I recently picked up my copy of A Summer of Hummingbirds: Love, Art, and Scandal in the Intersecting Worlds of Emily Dickinson, Mark Twain, Harriet Beecher Stowe, and Martin Johnson Heade by Christopher Benfey after having abandoned it in in the midst of Mark Twain's visit to Chillon. Bored with Byron I guess. Anyway, this time I skipped to the next chapter "Birds of Passage". It's got lots of quotes from Twain's account of Nicaragua, including this wonderful bird description: "a prodigiously tall bird that had a long beak like a powder horn, and curved its neck into an S, and stuck its long legs straight out behind like a steering oar when it flew." What could that be?

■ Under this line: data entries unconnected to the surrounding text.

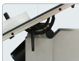
Tilting Table 0-45° BP-470
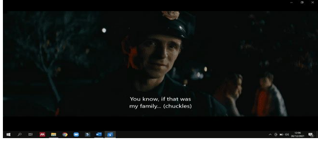
Figure 4. 3 Police Officer Investigation

. He tries to control his ego, the desire to reach his killer instinct but ego does not affect Hutch as the leader of his own family. He knows that he must be protect his family by letting the criminals take what they want without too much argue and compromise. He commits that he must be a better man for his kids, wife and family.
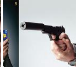
Where are the Bonds today?
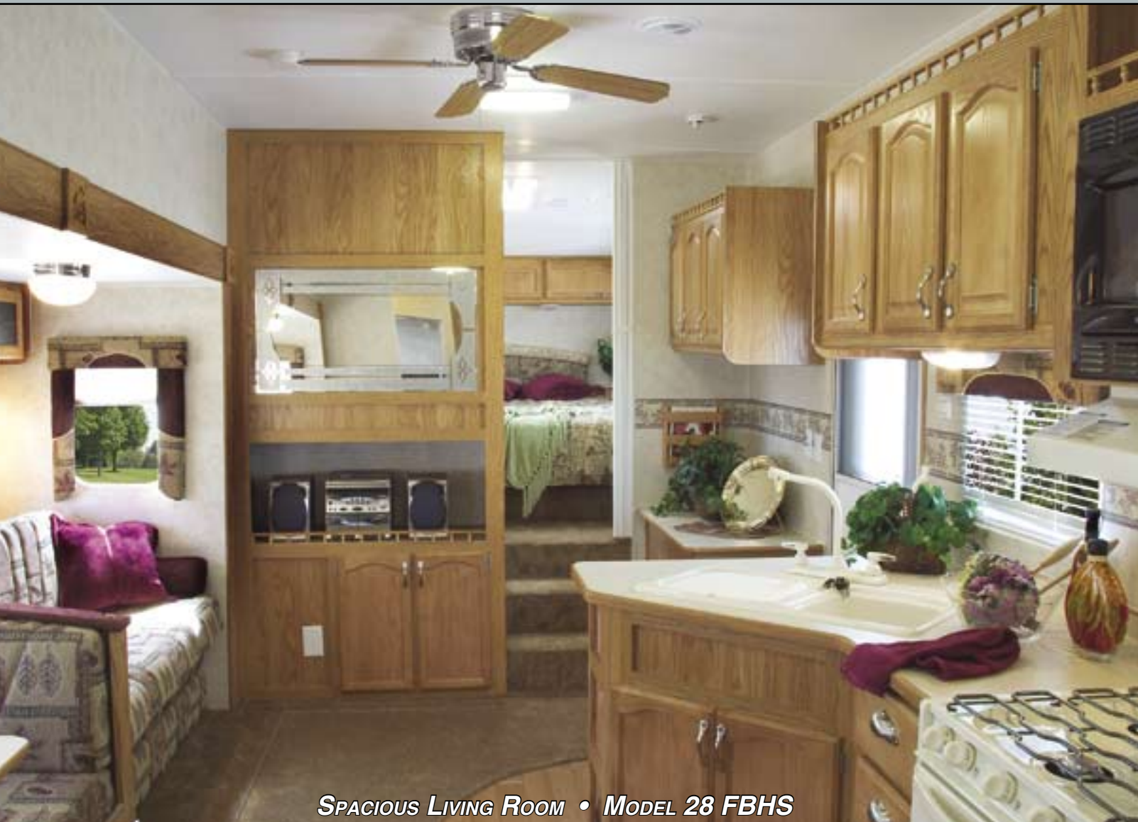
SPACIOUS LIVING ROOM • MODEL 28 FBHS

You will appreciate the Amish-crafted cabinetry... featuring generous base and overhead storage, and mirrored overhead doors, this interior exudes class. Designer-coordinated decors feature only the finest durable fabrics and carpeting, for an overall look of quality and craftsmanship.
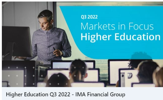
Higher Education Q3 2022 - IMA Financial Group

As you prepare your 2023-24 fiscal year budgets, learn how the insurance market is reacting to current private college dynamics within Cyber Risk, Excess / Umbrella limits, Property Valuations, etc. and strategies to review for 2023 and beyond.
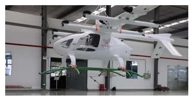
MuYu Aero eVTOL
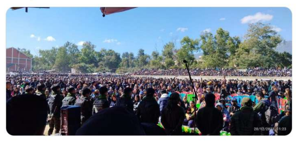
7:38 PM · Dec 20, 2023 · 8,001 Views

I flipped to the footnote, which only gave the source of the quote, not the identity of the bird. The wheels of my mind began to turn. OK, sounds kinda like a stork of some sort with the long legs but wood storks fly with the neck extended, not curved. What other stork-like bird would be found in Nicaragua? I looked up a list of birds of Nicaragua. Bingo. Gotta be a jabiru. That's a stork with a curved neck and very long legs.
Next step: Google images. Yup. First hit on jabiru shows it in flight. Twain's description is spot on! Five feet is indeed "prodigiously tall" for a bird. Not so much for a human. I'm only 3/4 of an inch taller than the "prodigiously tall" jabiru.
Gotta get me to Nicaragua or Belize or someplace down there to see a jabiru in the flesh.